Wait a minute. I thought *everything* had a higher surface-to-volume ratio than a sphere - that a sphere is what you built if you wanted to *minimize* surface area per unit volume. No?
 — pertinax, Apr 02 2016

 It turns out that a slightly simpler way to identify if m is even or odd is this: Just add 1 to the odd number c, and divide by 2. If the result is even, then m is even. If the result is odd, then m is odd.

 Note that if c has the form of 4x+3, then adding 1 creates a number having the form of 4x+4, which if divided by 2 yields 2x+2, which *must* be an even number. And if c has the form of 4x+1, then adding 1 creates a number having the form of 4x+2, which when divided by 2 will yield an odd number: 2x+1.

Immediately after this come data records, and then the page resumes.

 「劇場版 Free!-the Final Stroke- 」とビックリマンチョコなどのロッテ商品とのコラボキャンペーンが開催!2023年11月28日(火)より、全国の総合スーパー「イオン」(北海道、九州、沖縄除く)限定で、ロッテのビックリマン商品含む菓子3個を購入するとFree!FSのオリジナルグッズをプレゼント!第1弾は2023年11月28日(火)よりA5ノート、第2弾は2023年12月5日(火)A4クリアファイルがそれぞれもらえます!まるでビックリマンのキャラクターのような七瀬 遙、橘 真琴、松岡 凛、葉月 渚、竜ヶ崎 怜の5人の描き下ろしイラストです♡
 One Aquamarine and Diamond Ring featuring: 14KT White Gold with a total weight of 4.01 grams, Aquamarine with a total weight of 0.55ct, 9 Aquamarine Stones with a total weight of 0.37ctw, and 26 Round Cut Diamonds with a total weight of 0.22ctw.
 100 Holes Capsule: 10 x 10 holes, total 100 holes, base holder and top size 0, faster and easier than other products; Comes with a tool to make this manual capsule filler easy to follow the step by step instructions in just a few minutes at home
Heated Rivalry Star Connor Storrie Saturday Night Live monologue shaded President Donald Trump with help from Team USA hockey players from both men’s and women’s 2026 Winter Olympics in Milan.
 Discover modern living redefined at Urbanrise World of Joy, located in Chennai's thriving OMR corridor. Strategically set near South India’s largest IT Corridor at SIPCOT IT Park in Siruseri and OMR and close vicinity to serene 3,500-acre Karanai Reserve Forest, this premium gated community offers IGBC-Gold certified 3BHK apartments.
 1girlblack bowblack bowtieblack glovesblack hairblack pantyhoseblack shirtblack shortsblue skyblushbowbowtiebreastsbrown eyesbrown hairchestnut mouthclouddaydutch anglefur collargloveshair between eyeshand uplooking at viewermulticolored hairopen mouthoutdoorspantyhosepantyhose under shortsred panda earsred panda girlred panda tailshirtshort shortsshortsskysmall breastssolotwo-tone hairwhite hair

 Just for fun, consider the composite number c=1155, which is the product of (3)(5)(7)(11). It has all these combinations of pairs of factors: 1 and 1155 3 and 385 5 and 231 7 and 165 11 and 105 15 and 77 21 and 55 33 and 35

 To get m and n (when a pair of factors is known), such that m-squared minus n-squared equals c, the larger number to square (m) is always equal to the sum of a factor- pair divided by 2. And n is simply m minus the smaller factor (OR the larger factor minus m --OR the larger factor minus the smaller factor, which is then divided by two). So: 1 and 1155 yield m=578 and n=577 3 and 385 yield m=194 and n=191 5 and 231 yield m=118 and n=113 7 and 165 yield m=86 and n=79 11 and 105 yield m=58 and n=47 15 and 77 yield m=46 and n=31 21 and 55 yield m=38 and n=17 33 and 35 yield m=34 and n=1

Feel free to square m and subtract the square of n get 1155 (that is, c) in every case. As guaranteed by the algebra presented at the start of this anno (along with the algebra in the first anno above), since in this example (c+1)/2 yields an even value for m, the larger number to square, ALL the possible values of m are also even numbers.